November 19, 2011
Of the writing of books on spiritual direction, there is no end, at least in recent years. The broad and timeless ministry of spiritual guidance has received renewed attention in the more specialized ministry of spiritual direction.
While direction, even in its most specific sense, has a long history, it has now taken on a popular appeal that it perhaps has never had. The reasons for this new appeal are many and are beyond the scope of this paper, although they may include the turn to a more individualized or personal spirituality (even among those most committed to traditional faiths and religious institutions, for whom it is a complement rather than a competitor to “institutional” or communal religious practice), a greater focus on both the spirituality and ministry of the laity (especially in the Roman Catholic church), and the recent emergence of a Protestant (especially Evangelical) interest in the field (multiplying the audience for literature and training programs in direction, as well as bringing fresh perspectives to the ministry).
The literature on spiritual direction is vast, offering varied perspectives and no end of practical guidance for directors. However, there are notable limitations in most books on direction, often caused by ambiguity.

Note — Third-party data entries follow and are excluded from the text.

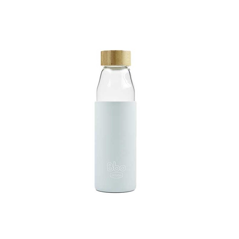 Botella de borosilicato. libre de BPA y Ftalatos. Con funda de silicona y tapón de bambú con junta de silicona de grado alimentario.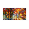 Inspiring and breathtaking moment of love displayed in vibrant, bright and colorful manner. Stunning art piece of two lovers walking under one umbrella at night while walking in the city park. Pure expression of the power of love in these modern, intense and stressful times.The passionate reds mix with the calming blues, describing a relationship that has it all and walks down a multi-colored path (oil paint on canvas )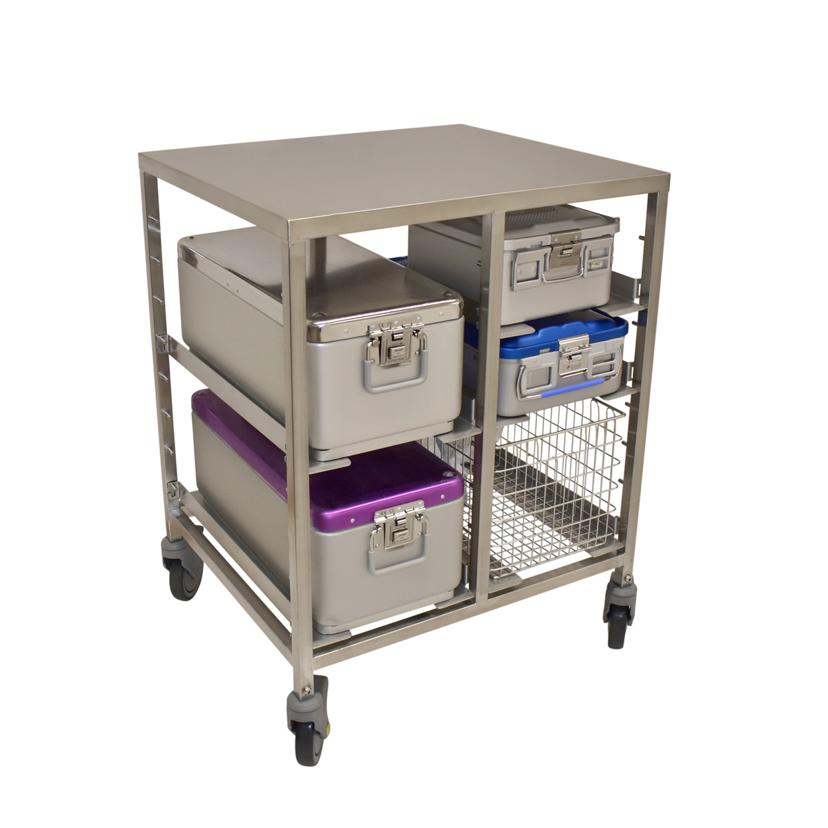 Edelstahl Fallwagen OP-RACK 1-fach, ideal geeignet für den Transport oder die Aufbewahrung von Sieben und Sterilgut-Containern DIN 600 x 300 mm.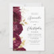 A borda esquerda deste elegante convite de casamento apresenta uma borda floral burguenta, aparada com folhas falsas de ouro e folhas reluzentes. O texto personalizável combina o script inspirado em vintage de cinzas de carvão e fontes sans serif em um fundo branco. O verso apresenta um design floral correspondente.

In this blog series, I will describe two ambiguities that limit the study and practice of spiritual direction, offering clarifications and distinctions in response.
The first is the confusion over what spiritual direction is, which I will attempt to remedy by offering a distinction between “spiritual direction” as a specific ministry characterized by a formal and non-directive methodology and “spiritual guidance” as a broader ministry.
The second confusion I will address is an ambiguity about the necessary capacities of spiritual directors. I will suggest this ambiguity results from the lack of a developmental perspective on the ministry and formation of spiritual directors. Responding to this need, three broad stages in the development of a spiritual director will be discussed. Two areas of capacity (listening skills and discernment) will be treated as examples of such stages.
The goal of this series is to develop these distinctions to a degree that they may serve practicing spiritual directors in clarifying their ministry, pastors in understanding their broader ministries in relation to direction, and both directors-in-training and those offering training to directors in viewing more clearly understanding and articulating the roles and abilities of a director.